John Thornton, le président exécutif de Barrick a déclaré qu'il existe uniquement trois sorties possibles de la spirale
pour les sociétés d'extraction : « générer plus de liquidités, émettre plus de capitaux propres ou vendre des actifs ».
Ceci explique pourquoi tandis que la croissance de l'économie mondiale a ralenti, les stocks (du pétrole au cuivre) sont
abondants et l'appréciation du dollar a rendu les matières premières moins attrayantes en tant qu'investissement
alternatif. Et la crise que traverse actuellement la Chine n'augure rien de bon vu que le pays est le plus grand
consommateur de matières premières au monde.
Nous vivons un scénario inverse à celui que nous avons connu au cours de la décennie précédente. À l'époque,
l'accélération de la croissance dans toute l'Asie avait entraîné une flambée généralisée des prix, pour finalement former ce
que l'on avait appelé le « super cycle des matières premières ». Encouragés par les plafonds historiques atteints par les prix
en 2008, les agriculteurs, les sociétés minières et les entreprises de forage pétrolier avaient décidé d'accroître leur
production.
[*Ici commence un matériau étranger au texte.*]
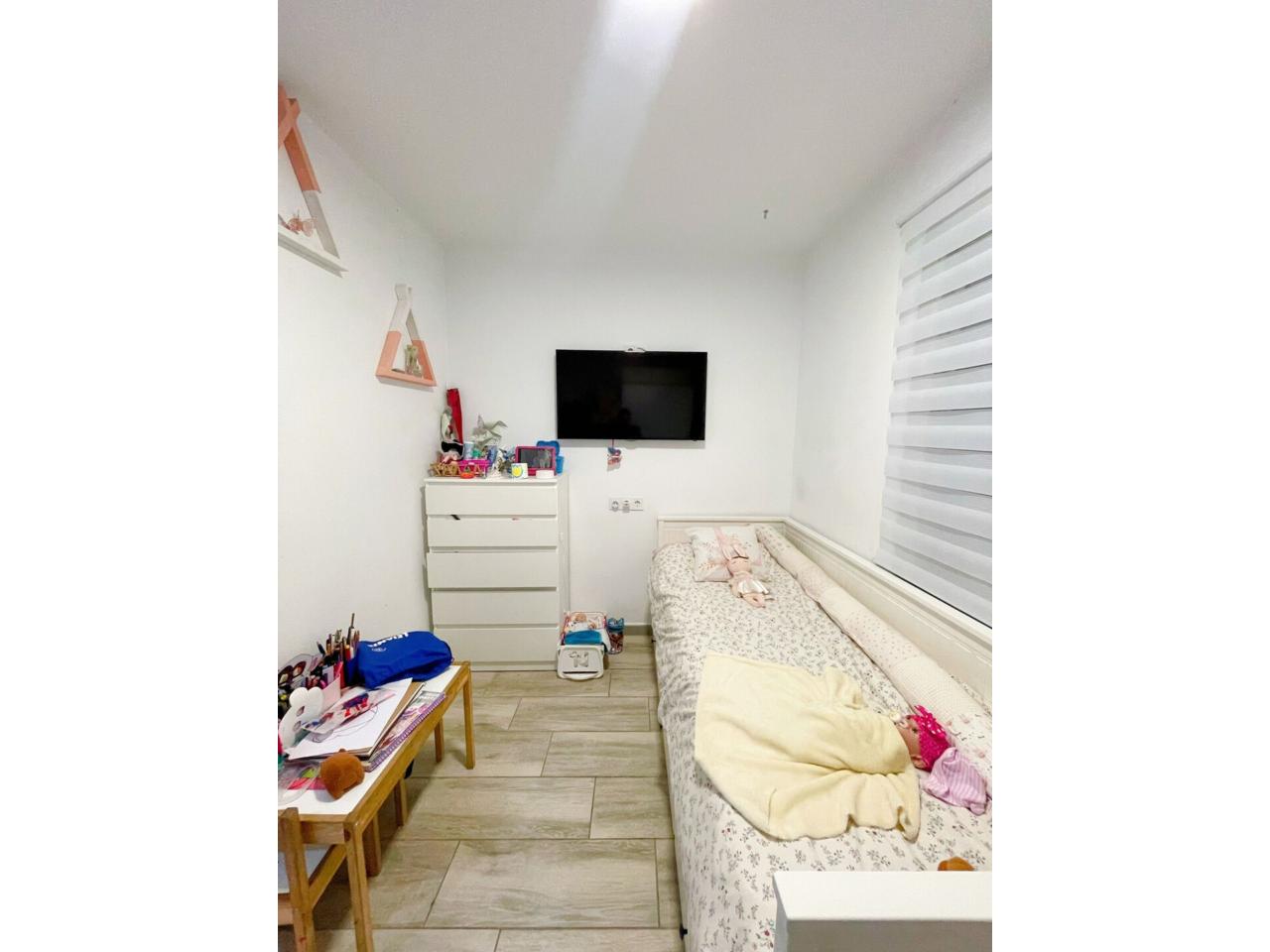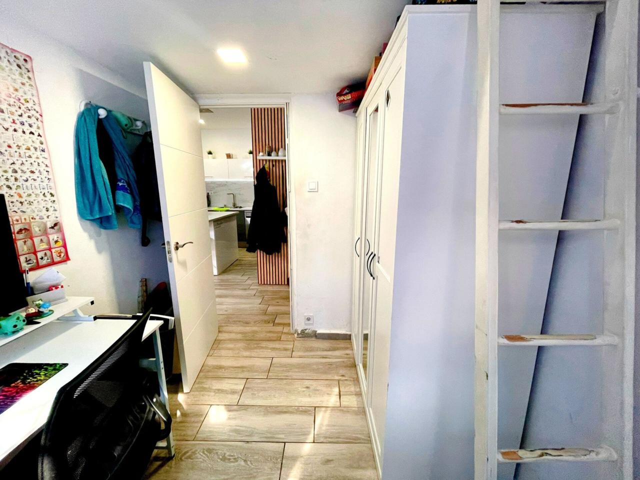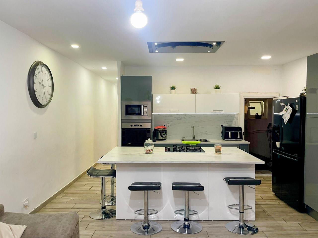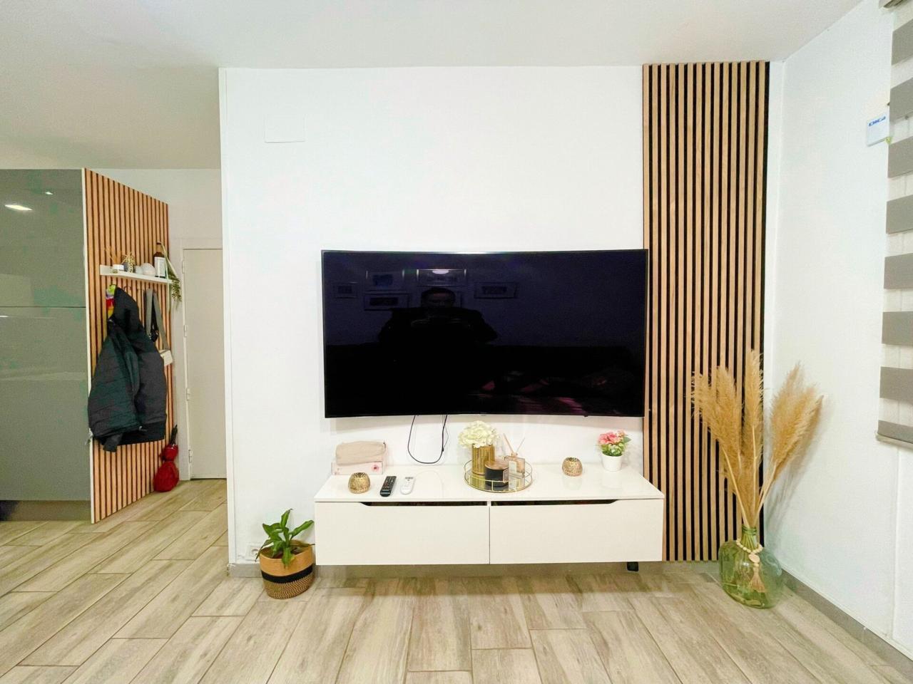 La vivienda dispone de un total de 98m2 construidos según catastro ( aparte la terraza privativa ) Completamente reformada, al entrar a la vivienda te recibe un precioso espacio diáfano donde conecta la cocina con el salón.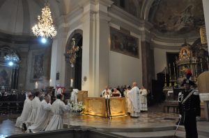 La celebrazione della patrona dell’Arma dei Carabinieri, proclamata tale nel 1949 da papa Pio XI, è stata presieduta nella Cattedrale di Terni dal vescovo Giuseppe Piemontese, concelebrata dal cappellano militare don Aldo Nigro e dal parroco don Carlo Romani, alla presenza delle autorità civili e militari della provincia, del vicepresidente della Regione Fabio Paparelli, del prefetto vicario Andrea Gambassi, del questore Carmine Belfiore, del procuratore capo della Repubblica Tribunale di Terni Alberto Liguori, del generale Francesco Benedetto comandante Legione Carabinieri Umbria, del comandante provinciale dei Carabinieri di Terni colonnello Giovanni Capasso, dei militari della compagnia Carabinieri di Terni e delle rappresentanze di carabinieri in congedo.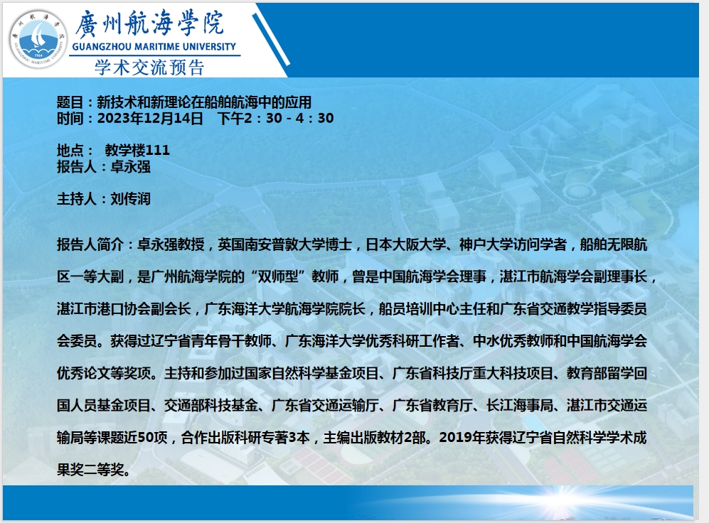 卓永强教授学术学术交流预告:新技术和新理论在船舶航海中的应用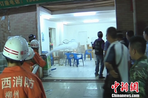 柳江县消防大队介绍,7月23日20时30分,柳江县商贸街一处居民房内,柳江县公安局民警在对一名在家中贩毒的男子实施抓捕时,男子突然持菜刀拒捕,并逃跑至楼下的宵夜店中与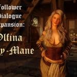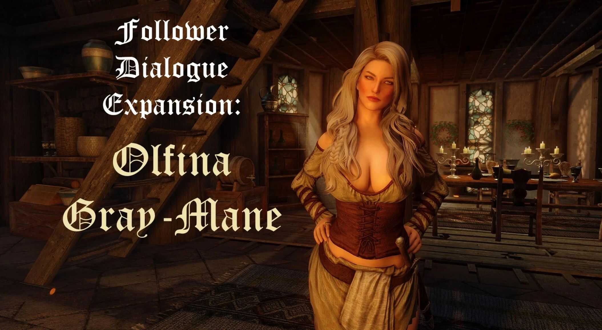 Makes Olfina Gray-Mane, the Strong Nord Woman of Whiterun, a fully-fledged follower with 398 lines. Quest and environmental awareness.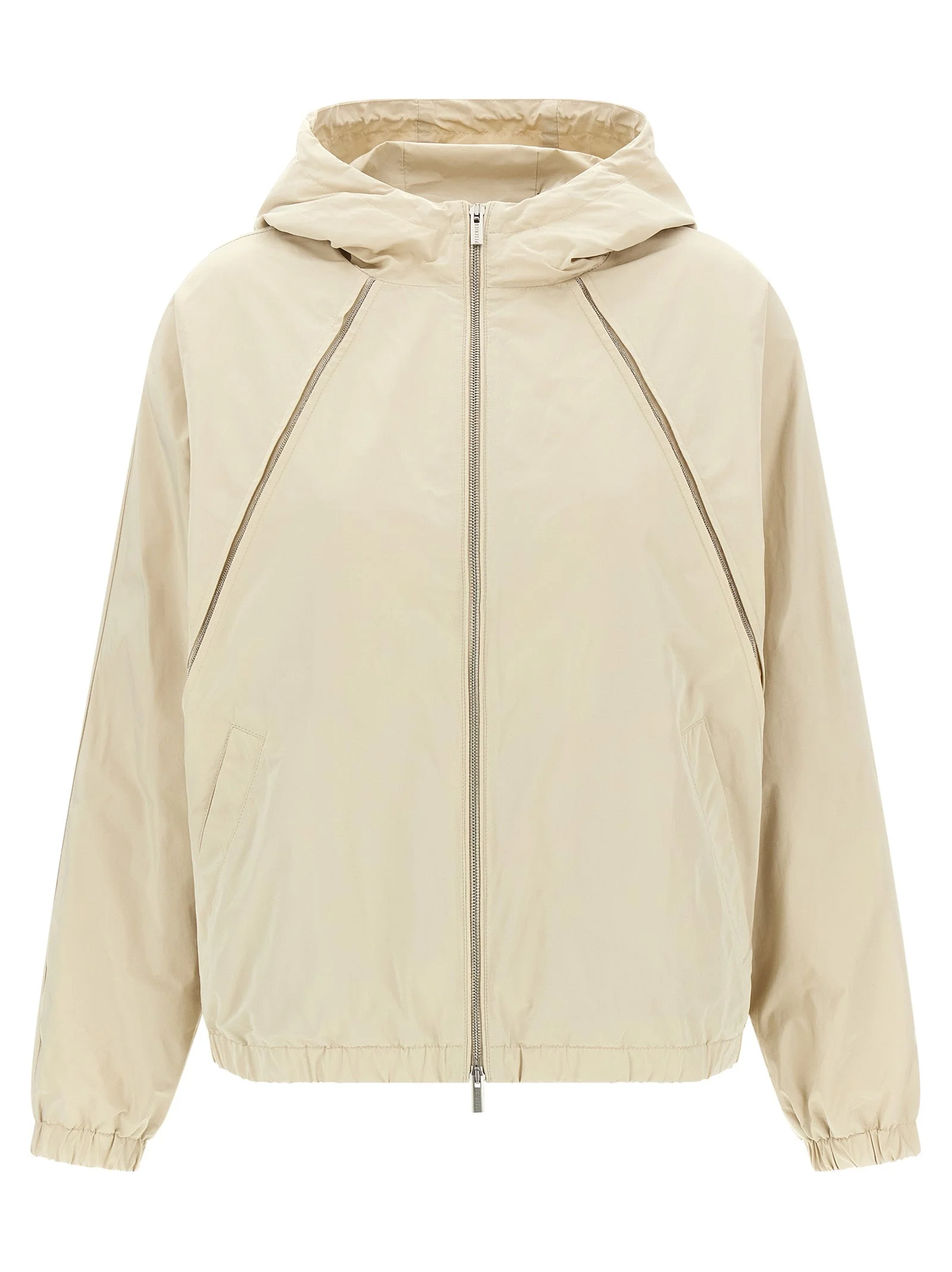 Windbreaker in technical fabric, cotton blend lining, adjustable hood, metal 'Punto Luce' detail and front zip closure, pockets, long sleeves with elastic cuffs, elastic on the hem. - Colour: Beige - Composition: 100% polyester - Country Of Manufacture: Italy - Dimension: oversized fit - MPN: A2512506953944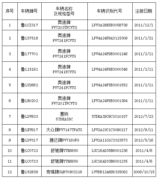 8月20日奧迪等機動車十二輛拍賣公告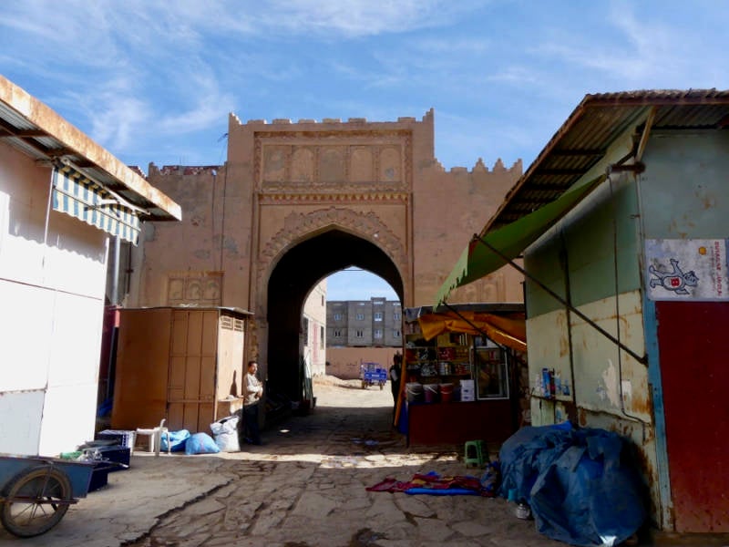 Na 60km waren we in Errachidia, een garnizoensstad stad zonder veel karakter, gebouwd in begin 1900 in een ruitpatroon. We wilden onze blauwe gasfles laten vullen of omruilen , maar nee meneer, deze is niet van Salam, in Midelt kan het wel. We zijn naar de Acima gegaan voor boodschappen, Acima is onderdeel van de Marjane holding maar met een beperkter assortiment, geen blauwaderkaas of camembert. En toen we kwamen stonden er 5 auto’s van klanten en bij ons vertrek slechts 4. Sinds de Marjane in Saoedische handen is overgegaan en geen alcohol meer verkoopt hebben Marokkanen er niet veel meer te zoeken lijkt het.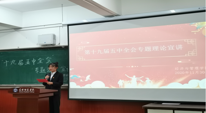 11月30日晚,经济与管理学院团总支在博学楼600教室组织开展了学习贯彻第十九届五中全会精神大学生理论宣讲活动。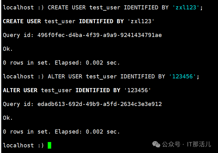 CREATE USER test_user IDENTIFIED BY 'zxl123';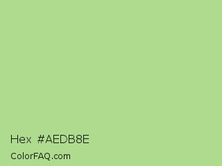 Hex #aedb8e Color is a light green color and the nearest color is Feijoa #9fdd8c. Hex code #aedb8e and RGB value is rgb(174,219,142). In RGB color space, this color is composed of 68% red, 86% green, 56% blue, In CMYK color space, this color is composed of 21% cyan, 0% magenta, 35% yellow , 14% black , In HSL color space, this color has a hue angle of 95° , 52% saturation and 71% lightness.
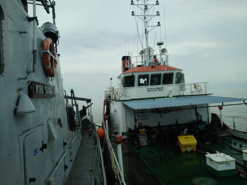 Jakarta, 14 Desember 2018,– Keberadaan Unsur KRI Jajaran Koarmada I dalam memberantas kegiatan ilegal dan menegakkan hukum di laut terus membuahkan hasil. Kali ini KRI Sigalu-857 berhasil menangkap Kapal SPOB yang tidak dilengkapi Surat Izin Bongkar Muat Barang Berbahaya dan beberapa dokumen pelayaran tidak lengkap sehingga diduga melanggar Undang-Undang Nomor 17 Tahun 2018 tentang Pelayaran di Perairan Pulau Rangsang.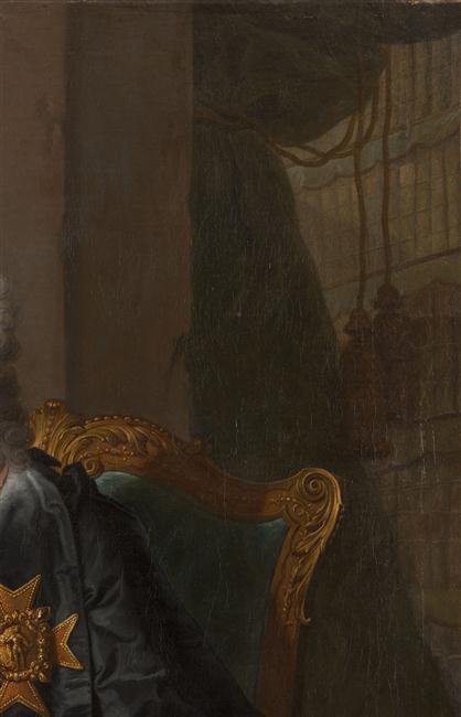 portrait (Voyer de Paulmy Marc Pierre de, Argenson comte d', ministre, homme, assis, à mi-corps, de trois-quarts, Ordre de Saint-Louis, habit : parlementaire, siège, table)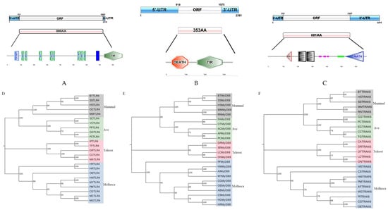 HMTLR4, HMMyD88 and HMTRAF6 genes in scallop “Hongmo No. 1” and phylogenetic trees of their putative proteins. (A–C) Schematic presentation of HMTLR4, HMMyD88 and HMTRAF6, respectively. Sky-blue and white boxes show transcript UTRs and their ORF. Pink box show putative proteins. In predicted amino acid sequences, conserved domains were labeled with texts and different colors. (D–F) Phylogenetic trees based on the predicted amino acid sequences of HMTLR4, HMMyD88 and HMTRAF6, respectively. Species names are abbreviated as BT for Bos taurus, SS for Sus scrofa, HS for Homo sapiens, OC for Oryctolagus cuniculus, MM for Mus musculus, RN for Rattus norvegicus, SC for Serinus canaria, VC for Vidua chalybeata, PF for Patagioenas fasciata monilis, GG for Gallus gallus, PC for Phasianus colchicus, FA for Ficedula albicollis, OT for Onychostruthus taczanowskii, AC for Acanthisitta chloris, AP for Anas platyrhynchos, EG for Egretta garzetta, CC for Cyanistes caeruleus, TG for Taeniopygia guttata, IP for Ictalurus punctatus, TF for Tachysurus fulvidraco, DR for Danio rerio, CC for Cyprinus carpio, MA for Megalobrama amblycephala, SR for Sinocyclocheilus rhinocerous, LC for Larimichthys crocea, ON for Oreochromis niloticus, CA for Carassius auratus, OT for Oncorhynchus tshawytscha, PF for Pinctada fucata, AI for Argopecten irradians, AB for Anadara broughtonii, HD for Haliotis diversicolor, CS for Cyclina sinensis, HR for Haliotis rufescens, OE for Ostrea edulis, MY for Mizuhopecten yessoensis, PM for Pecten maximus, CG for Crassostrea gigas, MC for Mytilus californianus, MG for Mytilus galloprovincialis, AF for Azumapecten farreri and PI for Pinctada imbricata.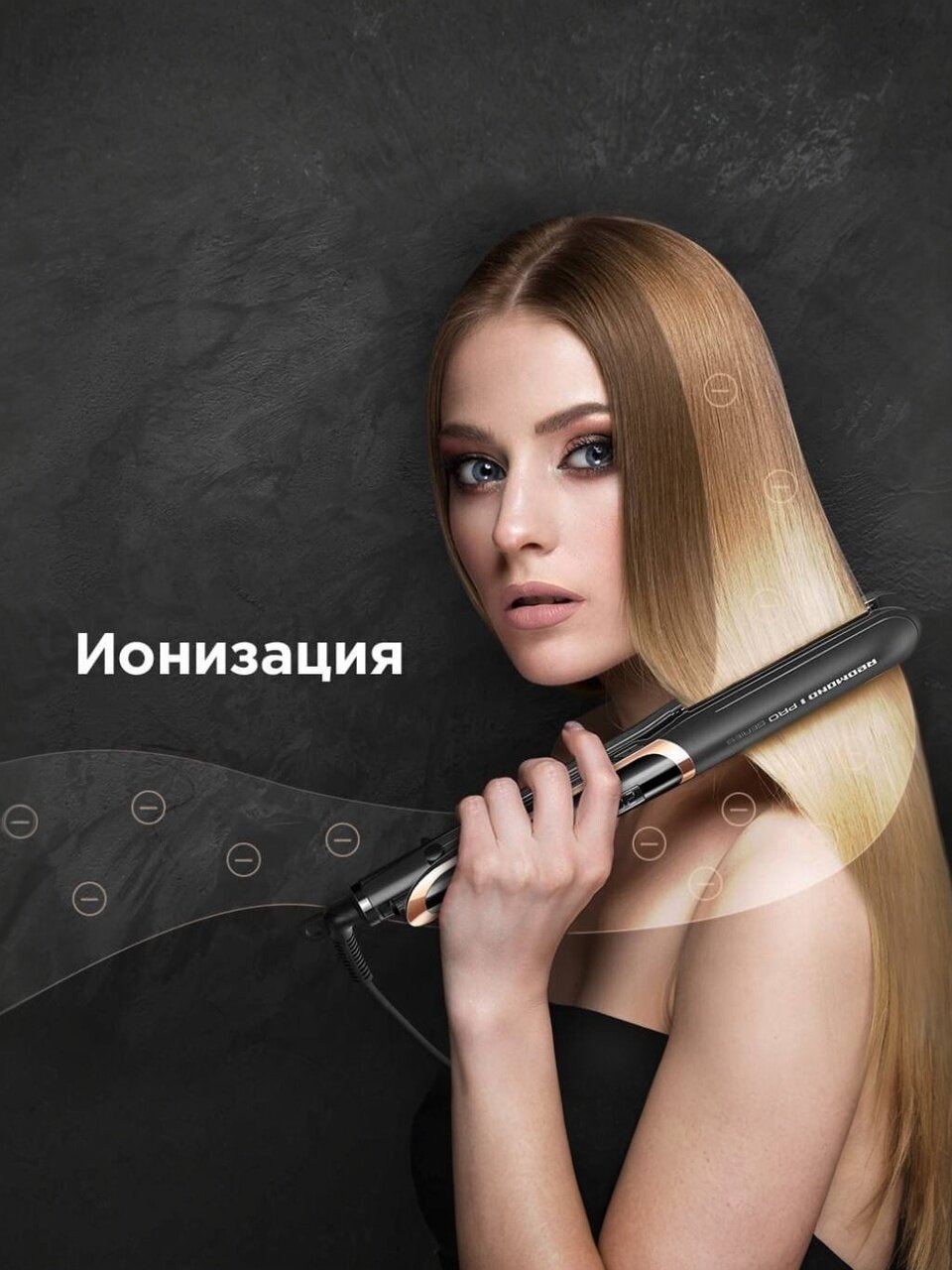 Выпрямитель оснащен мощностью в 50 Вт и керамическим покрытием, что обеспечивает бережное выпрямление без повреждения волос. Керамические пластины равномерно распределяют тепло, предотвращая перегрев и сохраняя здоровье волос. Дополнительная функция ионизации помогает избежать статического электричества, делая волосы более послушными и придавая им естественный блеск.

Or, cette production est en train d'arriver sur le marché, précisément au moment où la croissance mondiale
ralentit. La Banque mondiale a ainsi revu sa prévision de croissance pour l'économie mondiale à la baisse, tout en soulignant
que la décélération en Chine accentuerait encore les pressions sur les matières premières.
À court terme, rien n'indique que les prix des matières premières vont arrêter de baisser. Alors que l'indice des
matières premières de Bloomberg a dégringolé de 25 % l'année passée (la cinquième année consécutive de baisse et la plus
longue série depuis la création de cette mesure en 1991), les hegde funds se positionnent en prévision de nouvelles
pertes, avec des positions « short » nettes à leur niveau le plus élevé depuis au moins 2006. Des chiffres récemment
publiés par le gouvernement estiment à 85 000 contrats « futures » et options au 12 février le total des positions « short »
prises sur 18 matières premières différentes. Il s'agit d'une des visions les plus pessimistes enregistrées depuis que ces
données sont suivies en juin 2006. L'indicateur est tombé en négatif pour la première fois de son histoire en novembre.